Por eso, cuando subieron el cerro a esperar el amanecer se decepcionaron un poco al ver el paisaje gris, aunque ninguno se atrevió a decirlo en voz alta. Descendieron, desayunaron casi sin hablar y a medida que el día se iba haciendo más claro, veían cómo despertaban otros que habían llegado también allí llenos de curiosidad. Había risas lejanas, alguien cumplía años, un par de ellos subió la montaña. Hacía calor, mucho calor y los viajeros se fueron al mar, a ese oscuro mar que los aguardaba.

Yapascua, bostezando
Yapascua, bostezando
El campamento de los viajeros, sencillo y necesario
El campamento de los viajeros, sencillo y necesario
Mientras todo parecía ir tomando otro color
Mientras, todo parecía ir tomando otro color

De tanto conversar no se dieron cuenta cómo el paisaje los iba colocando en lados distintos. Se dispersaron: dos se fueron descalzos a explorar la ensenada, dos más se quedaron en el agua sin ritmo ni orden, dejando que la suave corriente que a veces era caliente y a veces fría, los llevara mar adentro. No fueron conscientes de lo lejos que estaban de la orilla hasta que les hicieron señas agitando las manos que, al mismo tiempo, festejaban al sol que se había posado sobre Yapascua para despertarla, por fin.

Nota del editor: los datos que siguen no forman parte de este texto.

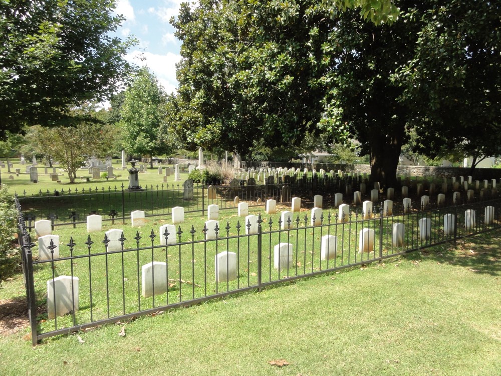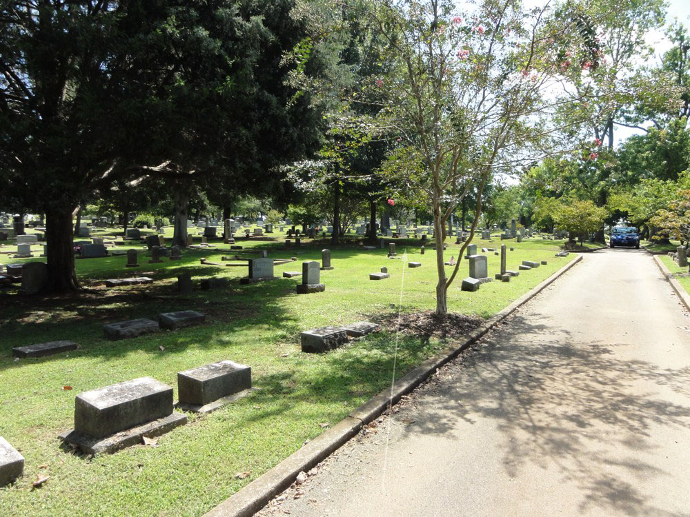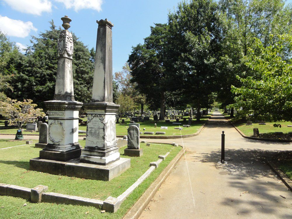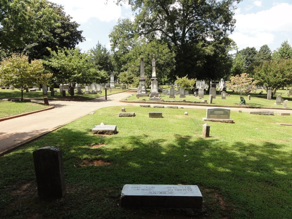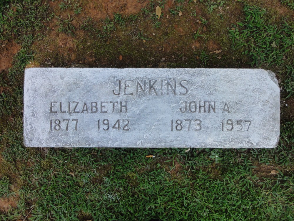 John A. & Elizabeth Jenkins are buried in the old Maple Hill Cemetery. The address is 202 Maple Hill St SE, Huntsville, AL 35801. Enter the main entrance, and head past the office (on right). Go to the second left. (Probably have to park on main road, as it is a very narrow drive.) Go to the second cross street and turn right. The Jenkins plot is on the left just in front of some trees.
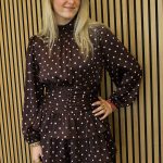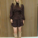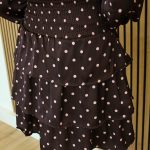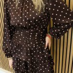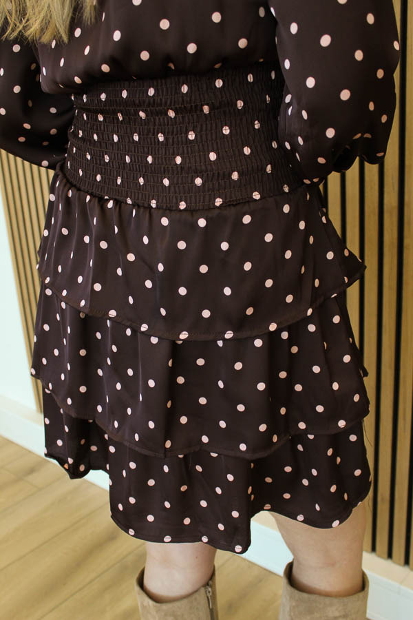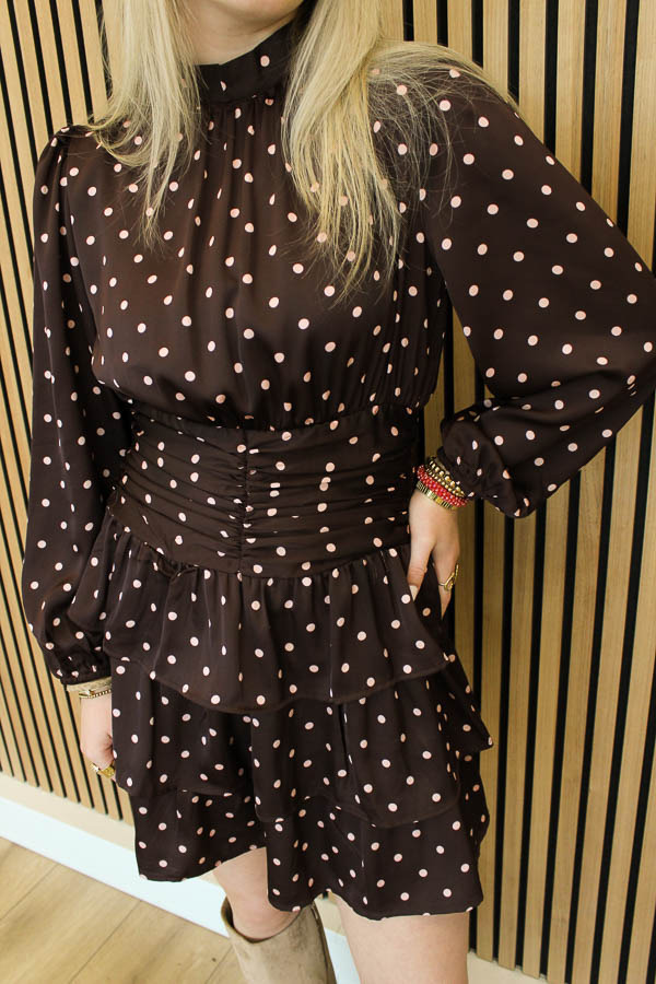 Deze jurk is mooi burgundy bruin-bordeaux kleur warme tint met pofmouwen én elastische tailleband, en ruffel onderkant. De luchtige stof beweegt sierlijk met je mee. Deze polka dot print is helemaal een trend!

En ese instante, todo se volvió frenesí. Apuraron el nado hacia la orilla, los otros dejaban sus cámaras a punto, buscaron zapatos, una galleta de chocolate y subieron el cerro una vez más para delirar, sonreír y entender que Yapascua no era azul, sino de todos los colores. Que era turquesa, blanco, verde, amarilla. Que era paraíso y cercanía. No llegaron a contar cuántas fotos tomaron desde la montaña y parece que subieron una o dos veces más como para tratar de entender a Yapascua desde arriba. Se perdieron en sus colores, nadaron eufóricos, se rieron con el viento y cuando creían que les quedaba más tiempo para seguir en ese éxtasis caribeño, una lancha vacía llegó a buscarlos para llevárselos a otro paisaje lleno de palmeras y brisa.

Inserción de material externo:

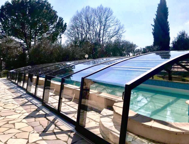 Der Vorteil dieses Modells ist auch die Tatsache, dass es eine einzige massive Polycarbonatplatte vom Typ „Sicherheitsglas“ verwendet, warmgeformt, die das Dach optisch entlastet, und sein leichter und moderner Körper gibt einen erstaunlichen visuellen Effekt im Raum. Überdachung für den Pool mit einer außergewöhnlich starken und langlebigen Struktur.
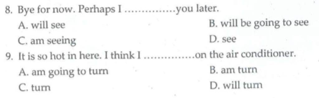 9)A. am going to turn

Desmontaron el campamento sin prisa y con aburrimiento, sin querer que el viaje se terminara, pero sobre todo sin ganas de despedirse de ese sol que les había descubierto un paisaje nuevo. Aún sin irse, ya querían volver. Si habían entrado en sus aguas en plena oscuridad, confiando en ella plenamente, ahora que la conocían transparente y serena, no querrían dejar de visitarla. Volver, ese es el asunto pendiente, la promesa eterna de los viajeros.

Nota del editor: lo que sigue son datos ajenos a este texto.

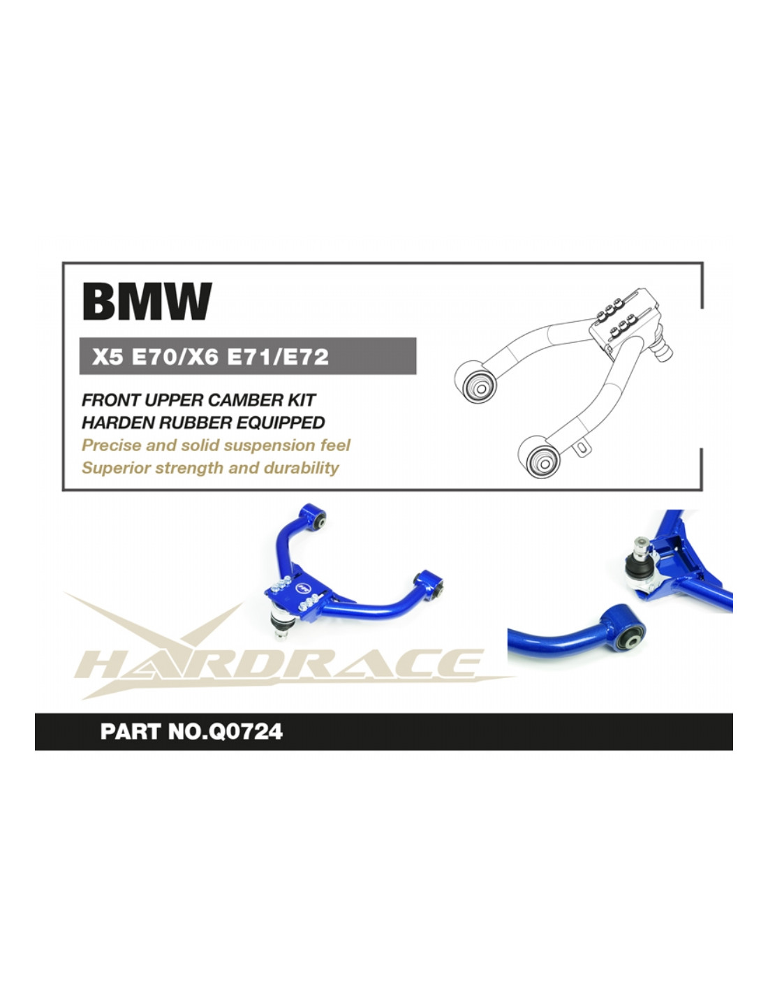 Hardrace Suspension Arm for BMW X5, X6. Ideal for improving driving precision, ride stability and steering response. Manufacturer's Description: - Harden Rubber Equipped 2 PCS/SET

¡El sol, el sol! ¡Yapascua es azul!
¡El sol, el sol! ¡Yapascua es azul!
Confirmando la felicidad
Confirmando la felicidad
Detente
Detente

PARÉNTESIS. La ensenada de Yapascua forma parte del Parque Nacional San Esteban en el estado Carabobo. Para llegar hasta allí, hay que tomar una lancha desde la bahía de Patanemo. Son 15 minutos de travesía tranquila. También se pueden caminar desde allí por la montaña, durante una hora y media. Quienes hacen este camino, aseguran que se llevan consigo las mejores vistas. Y no lo dudo.